[[ DATA SUPPLIED, beginning ]]

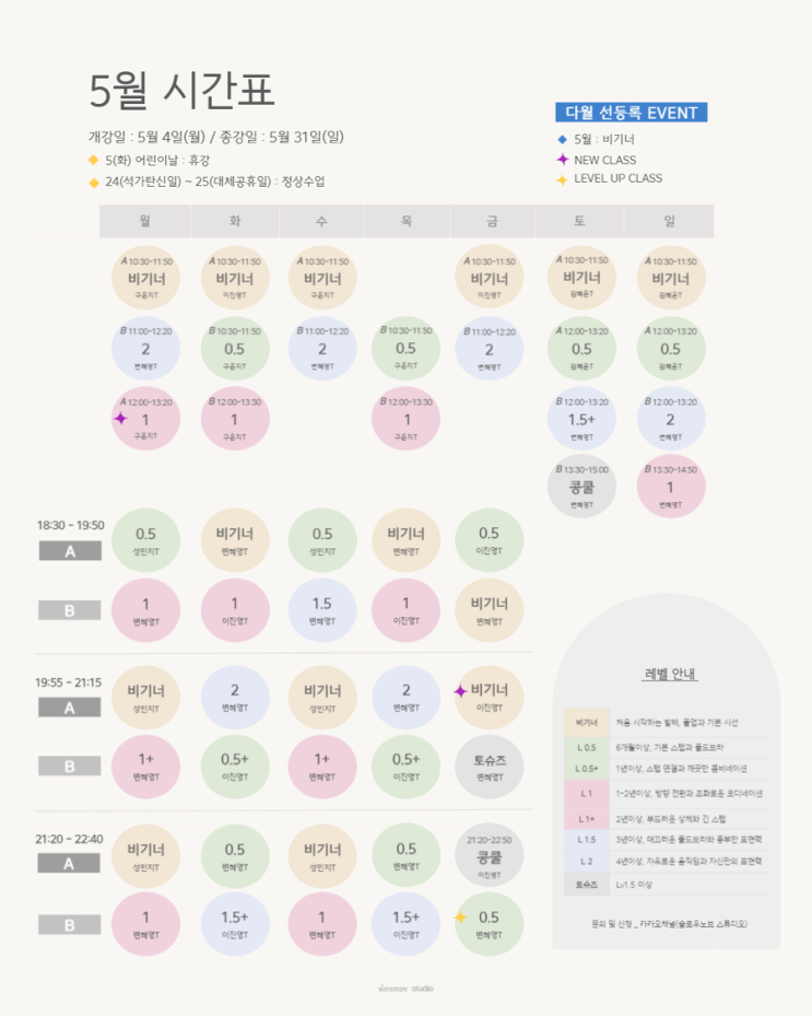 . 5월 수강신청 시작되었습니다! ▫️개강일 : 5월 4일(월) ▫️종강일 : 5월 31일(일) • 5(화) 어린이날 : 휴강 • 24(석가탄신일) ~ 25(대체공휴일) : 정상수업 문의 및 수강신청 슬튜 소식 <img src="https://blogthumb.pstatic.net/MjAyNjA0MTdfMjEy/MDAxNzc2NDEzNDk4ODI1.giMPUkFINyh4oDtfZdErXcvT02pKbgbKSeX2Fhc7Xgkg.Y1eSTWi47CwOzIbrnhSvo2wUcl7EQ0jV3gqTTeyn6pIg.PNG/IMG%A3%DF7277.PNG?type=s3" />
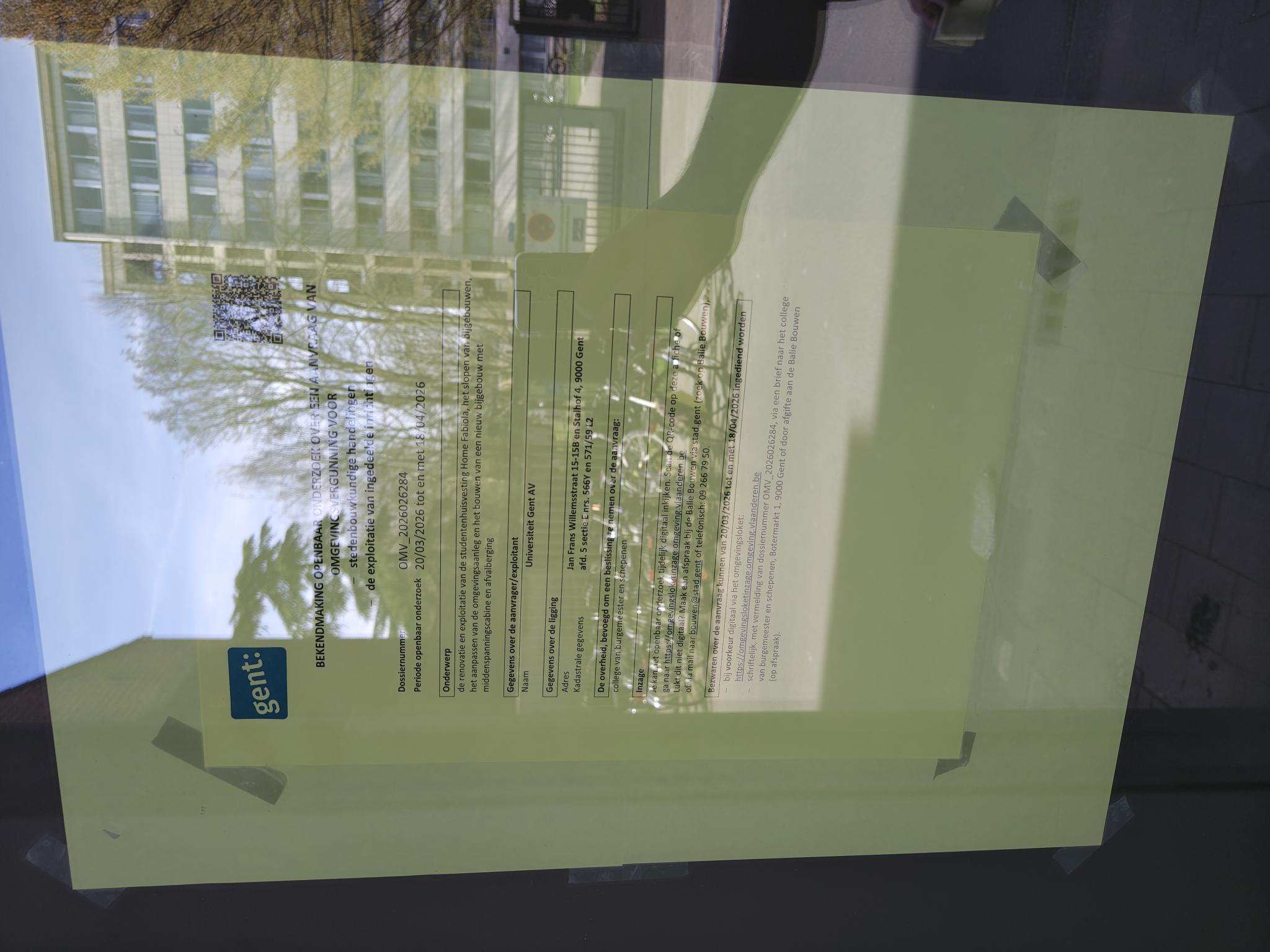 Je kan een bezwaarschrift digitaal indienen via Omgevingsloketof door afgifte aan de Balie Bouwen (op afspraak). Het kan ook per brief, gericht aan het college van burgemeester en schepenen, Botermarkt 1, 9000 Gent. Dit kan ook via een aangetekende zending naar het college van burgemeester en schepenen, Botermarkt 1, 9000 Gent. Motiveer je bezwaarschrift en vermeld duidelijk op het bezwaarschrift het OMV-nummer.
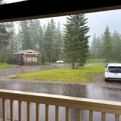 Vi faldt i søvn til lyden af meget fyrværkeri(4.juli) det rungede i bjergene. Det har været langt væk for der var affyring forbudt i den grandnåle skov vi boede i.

[[ DATA SUPPLIED, end ]]
[[ DATA SUPPLIED, beginning ]]

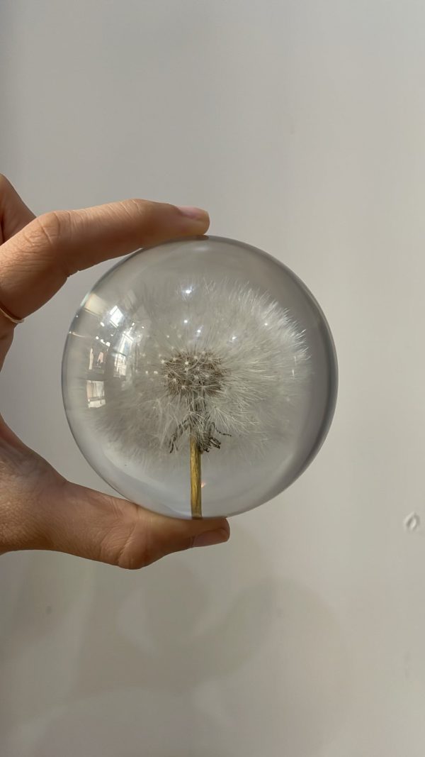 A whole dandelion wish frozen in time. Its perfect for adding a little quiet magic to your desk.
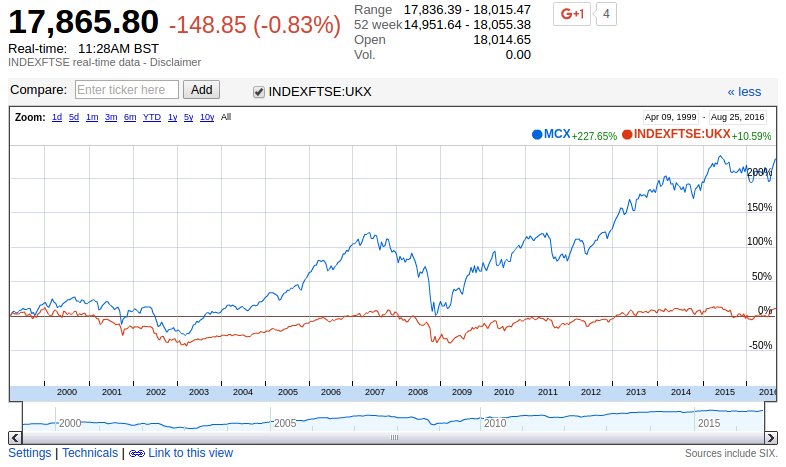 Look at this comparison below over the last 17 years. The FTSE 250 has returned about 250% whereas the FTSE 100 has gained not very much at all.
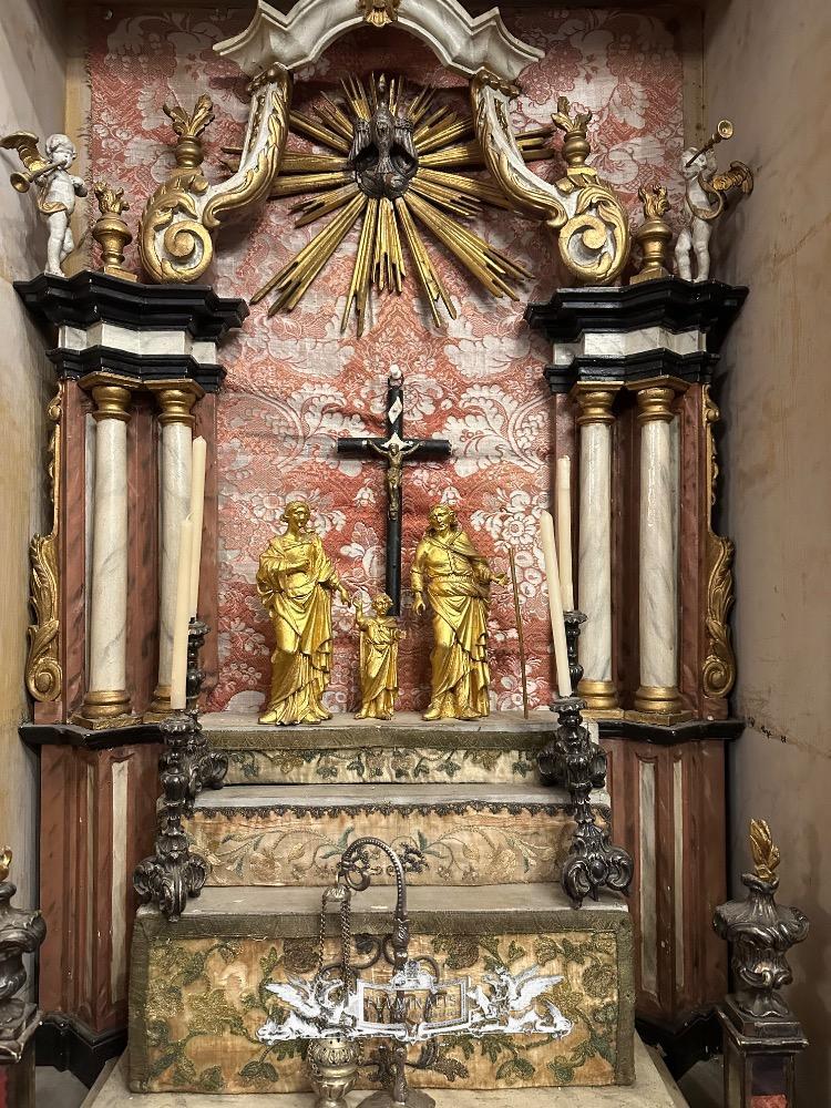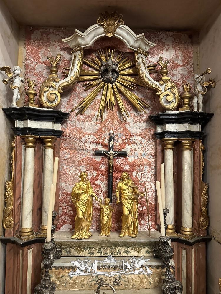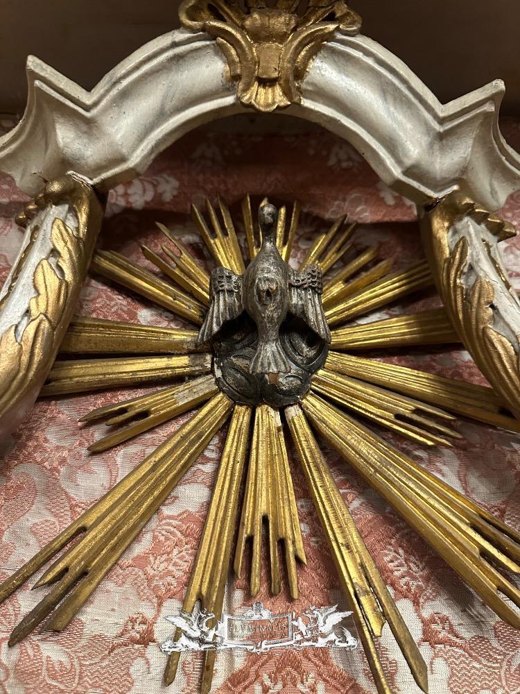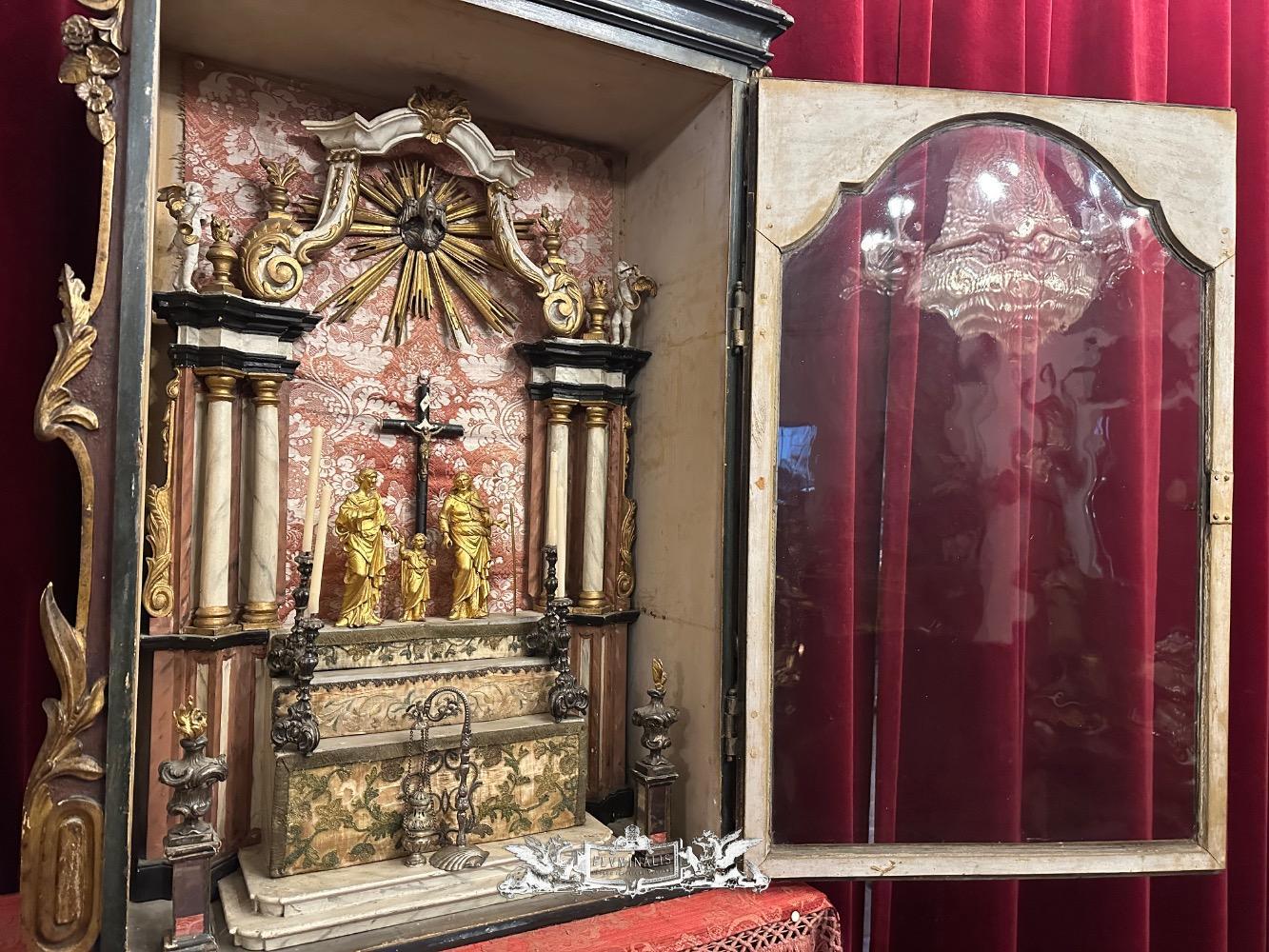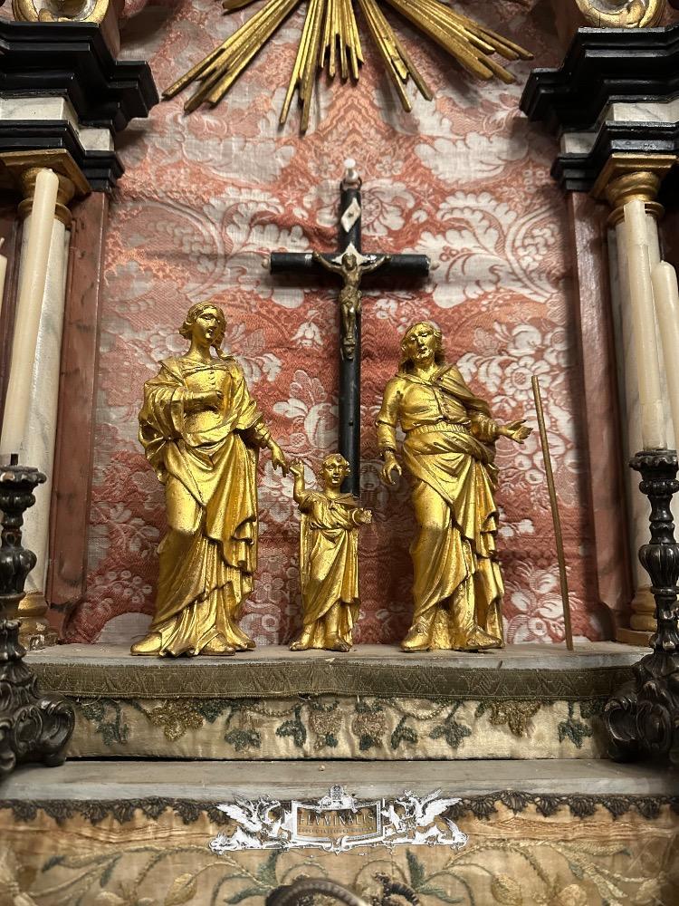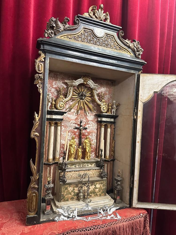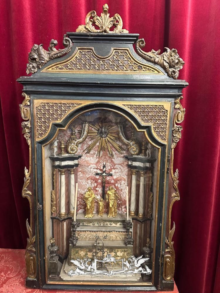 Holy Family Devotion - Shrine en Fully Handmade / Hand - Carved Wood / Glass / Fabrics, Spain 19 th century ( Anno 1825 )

[[ DATA SUPPLIED, end ]]
[[ DATA SUPPLIED, beginning ]]

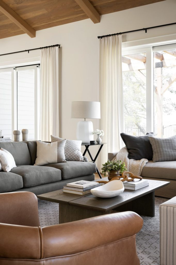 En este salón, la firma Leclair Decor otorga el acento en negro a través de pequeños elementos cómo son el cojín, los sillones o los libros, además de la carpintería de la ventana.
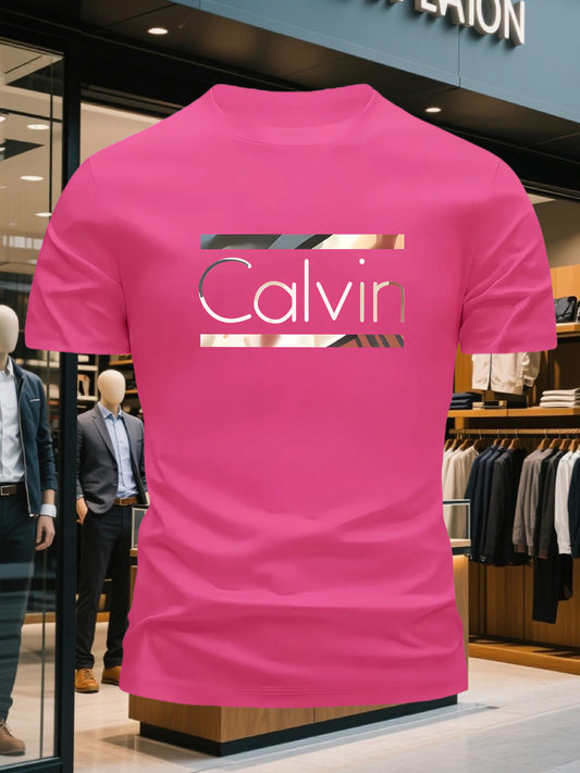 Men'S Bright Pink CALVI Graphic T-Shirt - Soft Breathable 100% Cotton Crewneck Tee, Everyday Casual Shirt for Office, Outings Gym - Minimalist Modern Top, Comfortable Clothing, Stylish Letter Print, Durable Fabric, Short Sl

[[ DATA SUPPLIED, end ]]

● ACTION ITEM: Looking above, find the stretch of lines that opens with the one holding "5월 수강신청 시작되었습니다!" and closes with the one holding "Je kan een bezwaarschrift". Copy it exactly, pictures excluded.

● REPLY TO THE TASK:
 . 5월 수강신청 시작되었습니다! ▫️개강일 : 5월 4일(월) ▫️종강일 : 5월 31일(일) • 5(화) 어린이날 : 휴강 • 24(석가탄신일) ~ 25(대체공휴일) : 정상수업 문의 및 수강신청 슬튜 소식 <img src="https://blogthumb.pstatic.net/MjAyNjA0MTdfMjEy/MDAxNzc2NDEzNDk4ODI1.giMPUkFINyh4oDtfZdErXcvT02pKbgbKSeX2Fhc7Xgkg.Y1eSTWi47CwOzIbrnhSvo2wUcl7EQ0jV3gqTTeyn6pIg.PNG/IMG%A3%DF7277.PNG?type=s3" />
 Je kan een bezwaarschrift digitaal indienen via Omgevingsloketof door afgifte aan de Balie Bouwen (op afspraak). Het kan ook per brief, gericht aan het college van burgemeester en schepenen, Botermarkt 1, 9000 Gent. Dit kan ook via een aangetekende zending naar het college van burgemeester en schepenen, Botermarkt 1, 9000 Gent. Motiveer je bezwaarschrift en vermeld duidelijk op het bezwaarschrift het OMV-nummer.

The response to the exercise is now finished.